Hemphill, who goes by the nickname Bay-Bay, also insists that he was within his rights to give the crew permission to dig. "You give me a building to wreck, it's mine until the city says, 'Hemphill's job looks nice, and we release you from the property.' Roy talked to me like he had his fortune buried down there. I say, 'If they stole your fortune, you signed a contract with me to steal your fortune.' Why didn't he tell me that stuff was important to him when he signed that contract? I don't think it's fair to make a big stink about it."

As a contractor who has yet to be paid in full, Hemphill has nothing to gain and everything to lose if Legendre is upset with him. Any valuable stuff in those privies would have been lost when the customary ramp is made into the basement to haul out the rubble when the building comes down. "I know it's worth a lot more if it isn't busted," he says, "but after Bay-Bay gets through, ain't nothin' gonna be intact."

The demolition is done, and the ramp Hemphill built destroyed only a portion of the privies. "The potential for that lot is great," says Meiners. "But that treasure's not gonna jump up out of the ground, if there's any there. It's going to require [Legendre] to dig like a dog for years, and I don't know what kind of physical condition this guy's in, but he's going to need to find somebody like me that would dig in a heartbeat in an area like that. I feel terrible for this guy that he is now feeling so embittered -- you can add to the list one more time that he's been screwed. If there were something I could do to make him feel better or to help him, I would be more than happy to, including bringing my Bobcat down there, with him there, and help him find the privies. I would do that, and all I would ask him to do is donate some things to the museum."

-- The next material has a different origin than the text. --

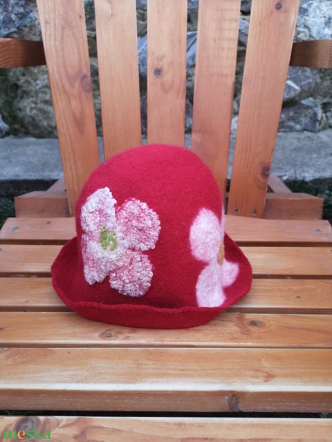 Piros virágos szaunakalap, szaunasapka, nemez kalap, nemez sapka

"That's a lot of hogwash," protests Legendre when informed of Meiners' offer, "because he knew that was my property and he knew he had to get permission from me, not from the wrecker. If he wants to make amends, he should have brought back what he stole from my holes, 'cause what he gave me was a box of junk. I have no appreciation for Meiners and the way he operates. The whole deal is rotten, just rotten."

It may seem rotten now, but Legendre would be well advised to accept Meiners' offer of digging on his property. The treasure, if it exists, awaits.